Re: Optionally automatically disable logical replication subscriptions on error - Mailing list pgsql-hackers

From Peter Smith
Subject Re: Optionally automatically disable logical replication subscriptions on error
Date
Msg-id CAHut+PtrbRA_u8Z13mmA2b+PnUE0hUVkyx+q0dfc8CpBBzzKbw@mail.gmail.com
Whole thread Raw
In response to RE: Optionally automatically disable logical replication subscriptions on error  ("osumi.takamichi@fujitsu.com" <osumi.takamichi@fujitsu.com>)
Responses Re: Optionally automatically disable logical replication subscriptions on error  (Masahiko Sawada <sawada.mshk@gmail.com>)

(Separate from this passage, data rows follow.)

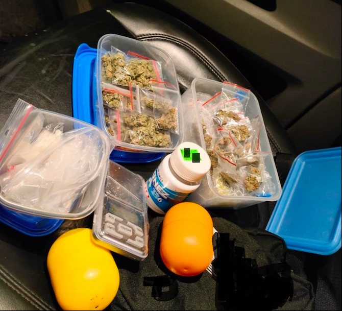 Na tylnym siedzeniu w torbie po laptopie znaleźli plastikowe pojemniki wypełnione białym proszkiem i suszem roślinnym. Pomiędzy tymi środkami znajdowała się karta płatnicza kierującego pojazdem oraz waga elektroniczna. Mężczyzna został zatrzymany i pobrano mu krew do badań. Wstępna analiza zabezpieczonych środków wykazała, że jest to amfetamina i marihuana. Ponadto okazało się, że 25-latek kierował samochodem bez prawa jazdy. Mężczyzna był już karany za przestępczość narkotykową.
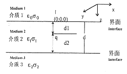 对于图1所示的刺激模型,我们假定它由三层组织组成:空气层、皮肤与皮下组织、胫后神经纤维组织,分别将其定义为介质1,介质2和介质3,如图2所示。为分析的方便,假设一点电荷位于介质2中距界面1上坐标原点(0,0,0)为d1的位置,待得到解析式后,令d1趋近于零即可得到与实际相似的模拟结果。
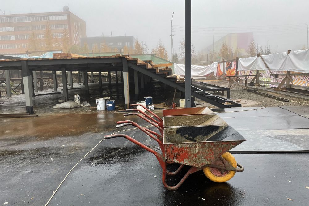На Центральной площади Удачного муниципальные подрядчики были вынуждены временно приостановить работы по обустройству сцены-террасы, примыкающей к городскому рынку.
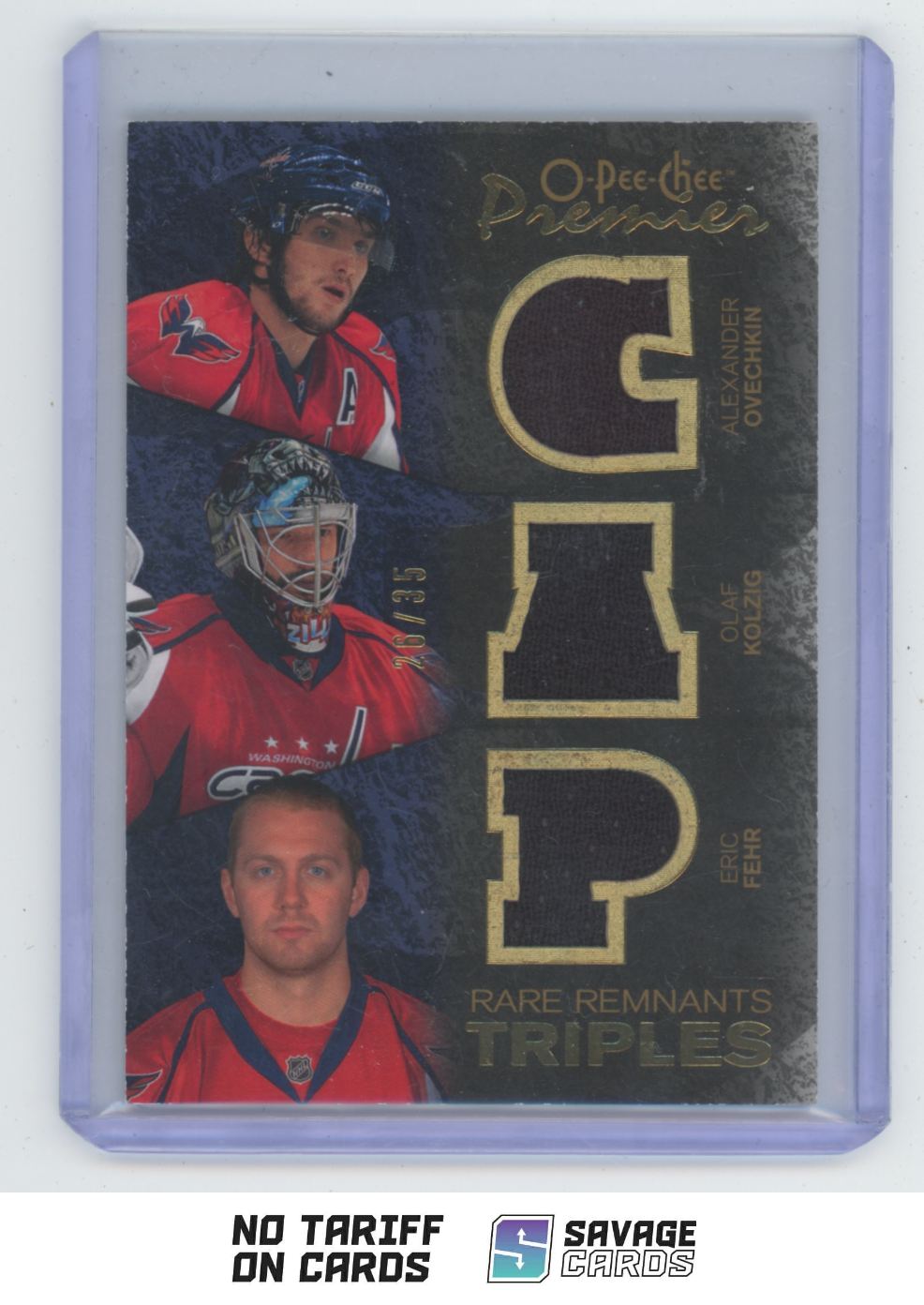 | 2007-08 OPC Premier Rare Remnants Triples Relics Gold Kolzig/Ovechkin/Fehr /35 | ||||||||||||||||||
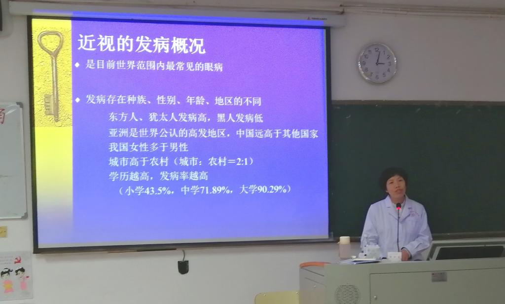 胡艷紅教授通過(guò)全球青少年近視的具體數(shù)據(jù)作為切入點(diǎn),對(duì)有關(guān)于近視的“分類(lèi)、疾病、預(yù)防、治療”四個(gè)方面進(jìn)行詳細(xì)分析。同時(shí)還向同學(xué)們傳授如何分辨真假近視和有效避免近視程度加深的方法,重點(diǎn)提醒了關(guān)于高度近視的危害與治療方法。胡教授用通俗易懂的語(yǔ)言給同學(xué)們帶來(lái)有關(guān)于近視方面的深度知識(shí)與治療方法。她利用數(shù)據(jù),聯(lián)系實(shí)際,以醫(yī)為學(xué)博得了同學(xué)們的熱烈掌聲。
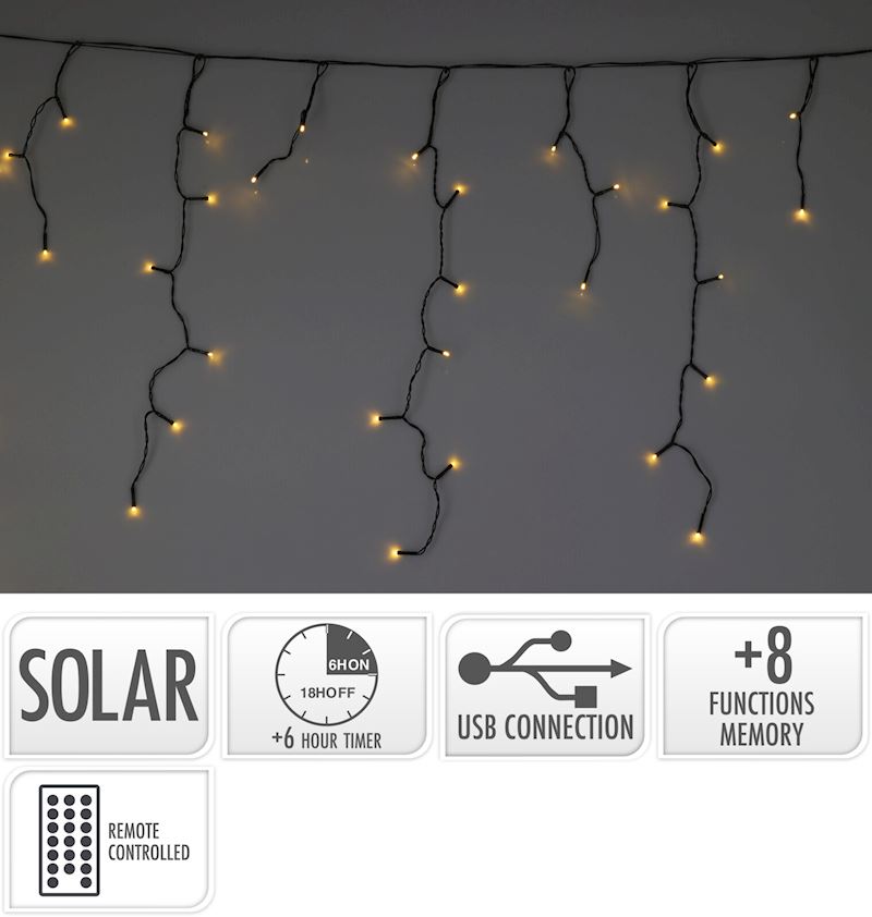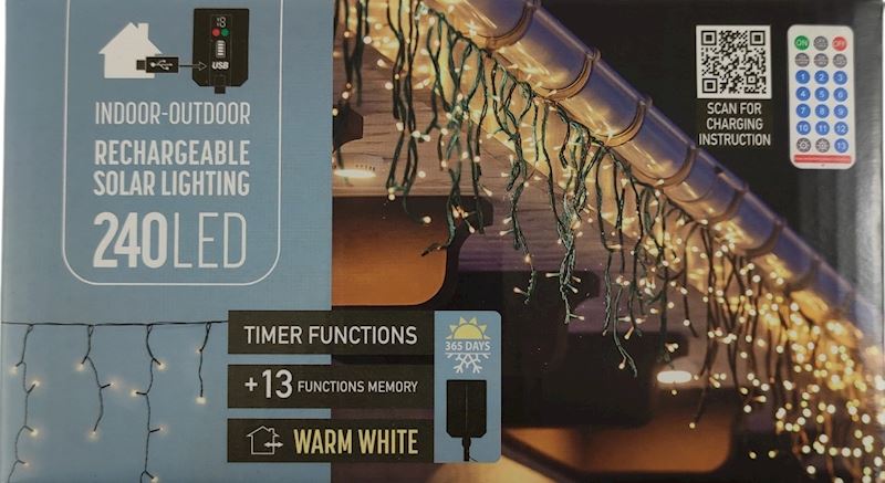 Solar Lichterkette warm weiss 13 Funk. 240 LED Timer 780 cm
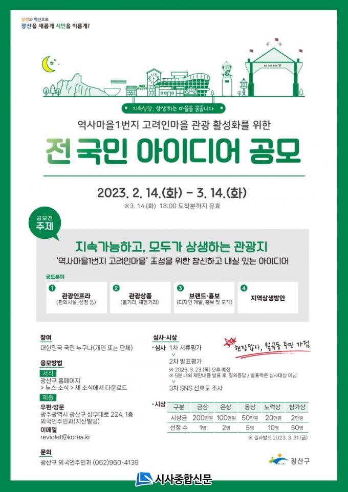 °ø¸ð ±â°£Àº 3¿ù14ÀϱîÁö¸ç, Áö¿ªÀ̳ª ¿¬·É Á¦ÇÑ ¾øÀÌ ´©±¸³ª, ¿ìÆí‧¹æ¹®(±¤ÁÖ ±¤»ê±¸ ¿Ü±¹ÀÎÁֹΰú) ¶Ç´Â À̸ÞÀÏ(reviolet@korea.kr)·Î Âü¿©ÇÒ ¼ö ÀÖ´Ù. Á¦Ãâ¾ç½ÄÀº ±¤»ê±¸ ´©¸®Áý(www.gwangsan.go.kr) ¡®»õ ¼Ò½Ä¡¯¿¡¼ ³»·Á ¹ÞÀ¸¸é µÈ´Ù.
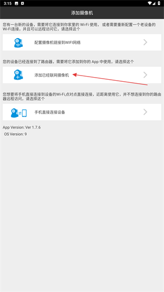 2、進入添加攝像機的界面內(nèi),點擊添加已經(jīng)聯(lián)網(wǎng)攝像機。
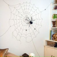Прекрасно будет смотреться паутина из ниток или из веревок. Подойдет шерстяная пряжа. Если нити тонкие, то белая паутинка будет смотреться блекло и не выгодно, лучше использовать черный цвет.
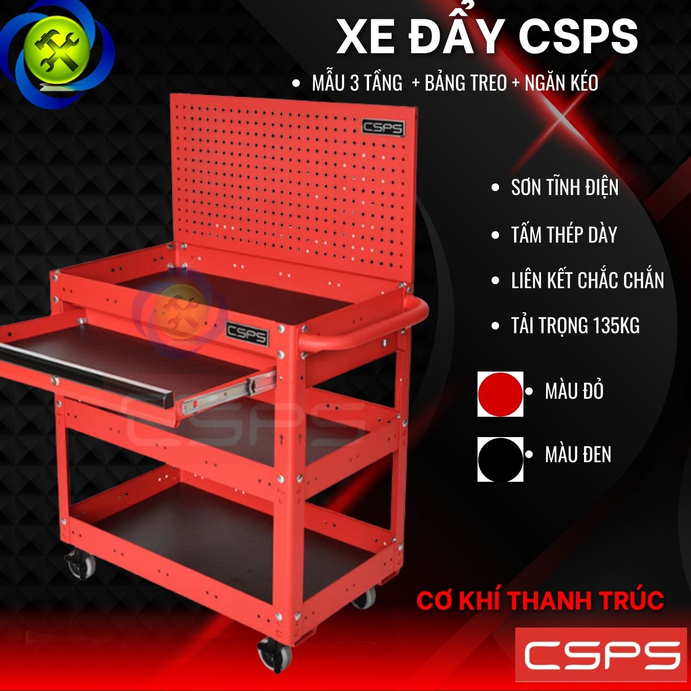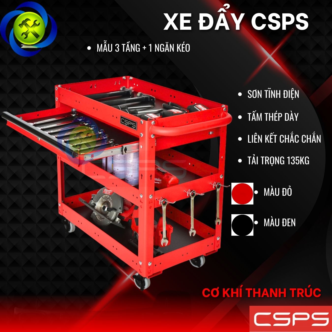 Xe đẩy 3 tầng có hộc kéo và vách lưới màu đỏ là một thiết kế mới của CSPS dành riêng cho người thợ Việt Nam với các lợi ích nổi bật: / Trolley 3 levels with drawers and mesh walls black is a new design of CSPS exclusively for Vietnamese workers with outstanding benefits.
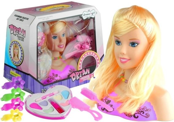 Większość młodych dam uwielbia tworzenie wymyślnych makijaży i fryzur, często z wykorzystaniem produktów należących do starszych sióstr i mam. Znaleźliśmy na to ciekawe rozwiązanie, w związku z czym przedstawiamy głowę lalki do stylizacji. Zabawka ta pozwoli dziewczynkom na wcielenie się w rolę wystrzałowej makijażystki i fryzjerki. Głowa lalki sprawi dziecku nie tylko ogromną frajdę płynącą z ciekawej zabawy, ale dodatkowo wpłynie na rozwinięcie wyobraźni, kreatywności oraz poczucia estetyki.
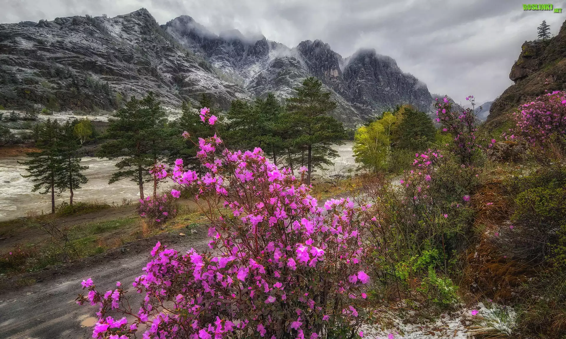 Rośliny: Góry Ałtaj, Skały, Rzeka Katun, Drzewa, Krzew, Różanecznik, Ałtaj, Rosja
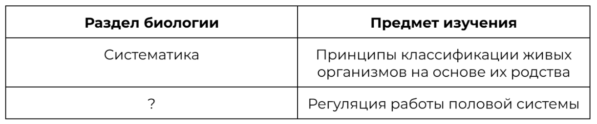 Рассмотрите таблицу «Биология – комплексная наука». Запишите в ответе пропущенный термин, обозначенный в таблице вопросительным знаком.
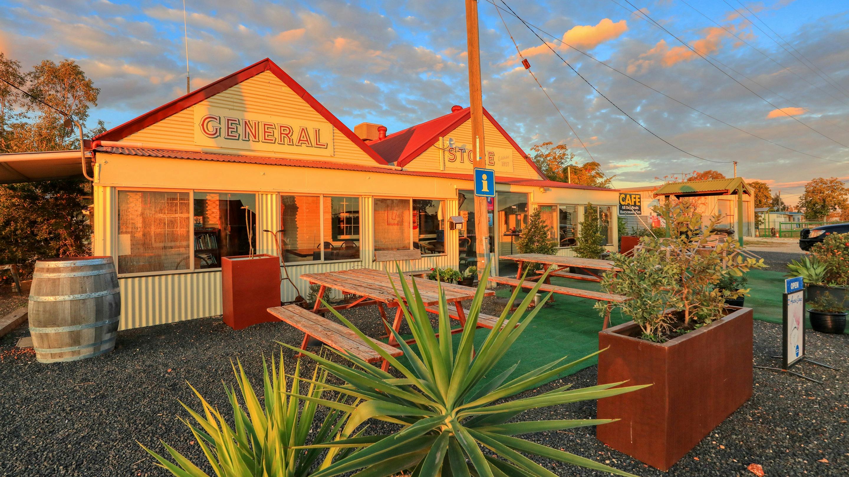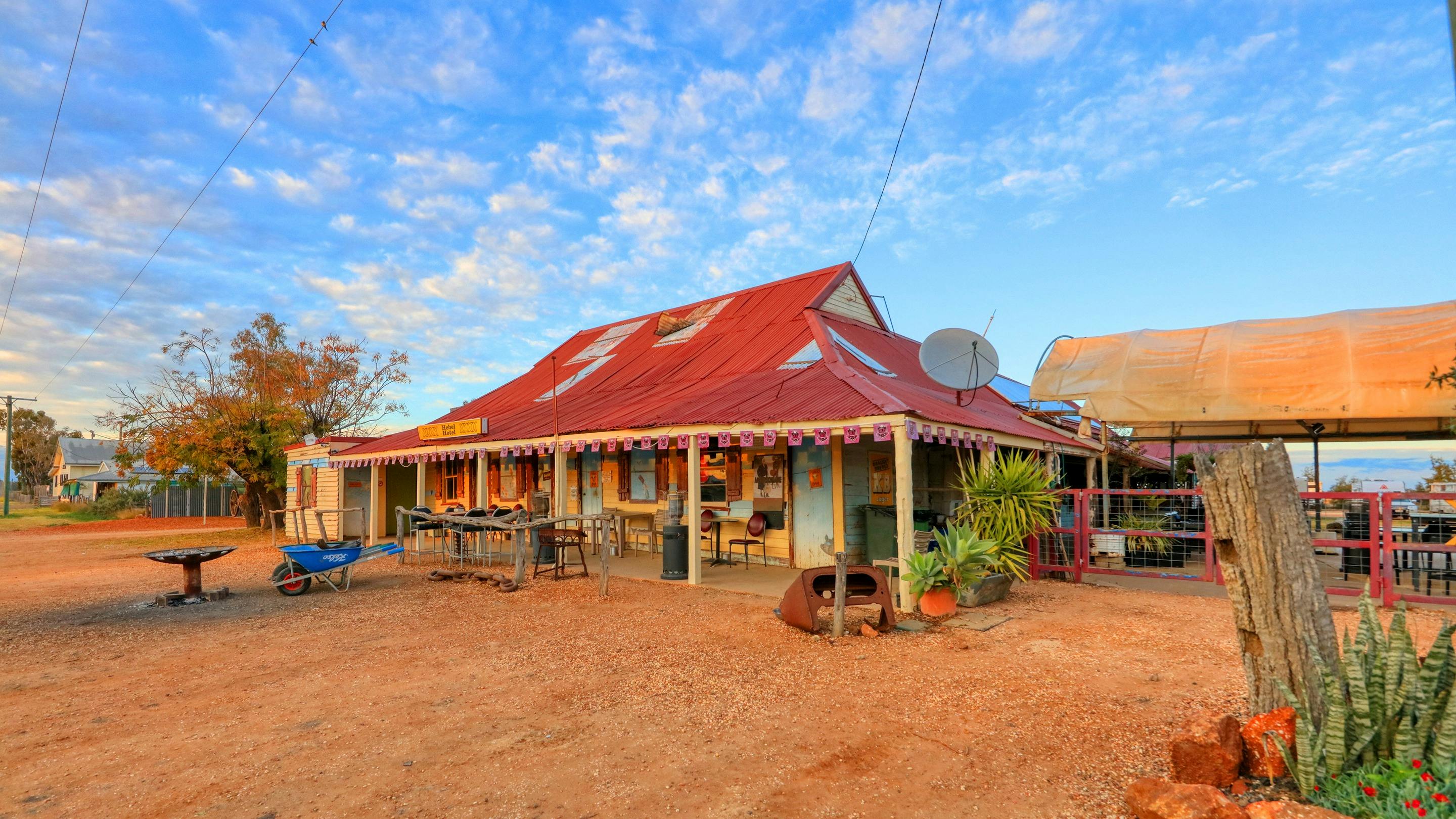 The Hebel Hotel and General Store has been owned since 2020 by a local farming family committed to the town and its people. The Hebel Hotel offers varied accommodations, including cabins, guestrooms, and single bunkhouse rooms, all equipped with air conditioning and TVs. There is also a coin-operated laundry available. Free camping can be found behind the hotel, making it a convenient and welcoming stop for travellers exploring this historic region.

RE: Optionally automatically disable logical replication subscriptions on error  ("osumi.takamichi@fujitsu.com" <osumi.takamichi@fujitsu.com>)
List pgsql-hackers
On Tue, Feb 22, 2022 at 3:11 PM osumi.takamichi@fujitsu.com
<osumi.takamichi@fujitsu.com> wrote:
>
> On Tuesday, February 22, 2022 7:53 AM Peter Smith <smithpb2250@gmail.com> wrote:
> > On Mon, Feb 21, 2022 at 11:44 PM osumi.takamichi@fujitsu.com
> > <osumi.takamichi@fujitsu.com> wrote:
> > >
> > > On Monday, February 21, 2022 2:56 PM Peter Smith
> > <smithpb2250@gmail.com> wrote:
> > > > Thanks for addressing my previous comments. Now I have looked at v19.
> > > >
> > > > On Mon, Feb 21, 2022 at 11:25 AM osumi.takamichi@fujitsu.com
> > > > <osumi.takamichi@fujitsu.com> wrote:
> > > > >
> > > > > On Friday, February 18, 2022 3:27 PM Peter Smith
> > > > <smithpb2250@gmail.com> wrote:
> > > > > > Hi. Below are my code review comments for v18.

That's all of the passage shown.